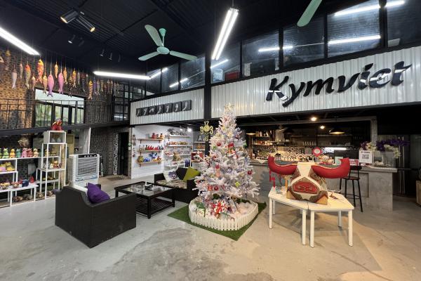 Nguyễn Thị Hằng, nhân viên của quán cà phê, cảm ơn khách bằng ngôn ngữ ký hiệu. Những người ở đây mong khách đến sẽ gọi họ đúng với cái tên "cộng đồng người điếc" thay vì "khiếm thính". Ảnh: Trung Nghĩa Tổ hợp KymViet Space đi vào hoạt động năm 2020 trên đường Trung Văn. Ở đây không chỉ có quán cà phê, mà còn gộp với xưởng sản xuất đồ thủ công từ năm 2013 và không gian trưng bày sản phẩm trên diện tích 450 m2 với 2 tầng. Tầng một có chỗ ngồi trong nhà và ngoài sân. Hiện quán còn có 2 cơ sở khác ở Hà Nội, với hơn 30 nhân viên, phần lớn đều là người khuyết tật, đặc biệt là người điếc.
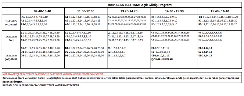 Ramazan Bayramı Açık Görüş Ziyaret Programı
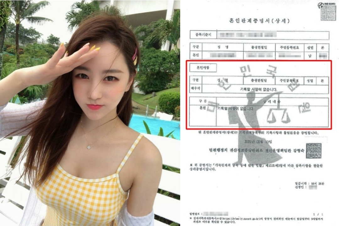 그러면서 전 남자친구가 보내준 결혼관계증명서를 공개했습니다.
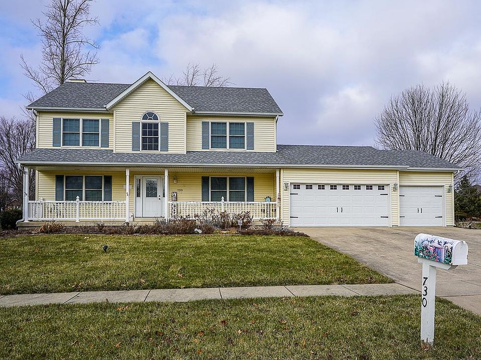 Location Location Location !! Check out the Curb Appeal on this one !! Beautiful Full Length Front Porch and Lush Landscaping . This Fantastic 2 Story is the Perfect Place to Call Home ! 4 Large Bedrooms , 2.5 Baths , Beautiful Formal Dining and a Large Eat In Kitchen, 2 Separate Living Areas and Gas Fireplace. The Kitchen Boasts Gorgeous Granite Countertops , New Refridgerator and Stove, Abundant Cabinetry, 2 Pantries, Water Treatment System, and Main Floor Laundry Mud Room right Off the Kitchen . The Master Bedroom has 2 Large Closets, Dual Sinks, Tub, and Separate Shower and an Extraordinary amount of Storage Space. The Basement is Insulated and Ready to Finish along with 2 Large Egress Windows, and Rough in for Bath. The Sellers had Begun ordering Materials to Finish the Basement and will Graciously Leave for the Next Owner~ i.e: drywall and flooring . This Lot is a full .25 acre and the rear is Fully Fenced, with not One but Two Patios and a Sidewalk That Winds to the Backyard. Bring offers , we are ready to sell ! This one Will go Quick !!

==============================

_Aim of the task_
Set the whole listing down again unchanged, apart from the pictures, which are omitted.

_Response to this exercise_
 Nguyễn Thị Hằng, nhân viên của quán cà phê, cảm ơn khách bằng ngôn ngữ ký hiệu. Những người ở đây mong khách đến sẽ gọi họ đúng với cái tên "cộng đồng người điếc" thay vì "khiếm thính". Ảnh: Trung Nghĩa Tổ hợp KymViet Space đi vào hoạt động năm 2020 trên đường Trung Văn. Ở đây không chỉ có quán cà phê, mà còn gộp với xưởng sản xuất đồ thủ công từ năm 2013 và không gian trưng bày sản phẩm trên diện tích 450 m2 với 2 tầng. Tầng một có chỗ ngồi trong nhà và ngoài sân. Hiện quán còn có 2 cơ sở khác ở Hà Nội, với hơn 30 nhân viên, phần lớn đều là người khuyết tật, đặc biệt là người điếc.
 Ramazan Bayramı Açık Görüş Ziyaret Programı
 그러면서 전 남자친구가 보내준 결혼관계증명서를 공개했습니다.
 Location Location Location !! Check out the Curb Appeal on this one !! Beautiful Full Length Front Porch and Lush Landscaping . This Fantastic 2 Story is the Perfect Place to Call Home ! 4 Large Bedrooms , 2.5 Baths , Beautiful Formal Dining and a Large Eat In Kitchen, 2 Separate Living Areas and Gas Fireplace. The Kitchen Boasts Gorgeous Granite Countertops , New Refridgerator and Stove, Abundant Cabinetry, 2 Pantries, Water Treatment System, and Main Floor Laundry Mud Room right Off the Kitchen . The Master Bedroom has 2 Large Closets, Dual Sinks, Tub, and Separate Shower and an Extraordinary amount of Storage Space. The Basement is Insulated and Ready to Finish along with 2 Large Egress Windows, and Rough in for Bath. The Sellers had Begun ordering Materials to Finish the Basement and will Graciously Leave for the Next Owner~ i.e: drywall and flooring . This Lot is a full .25 acre and the rear is Fully Fenced, with not One but Two Patios and a Sidewalk That Winds to the Backyard. Bring offers , we are ready to sell ! This one Will go Quick !!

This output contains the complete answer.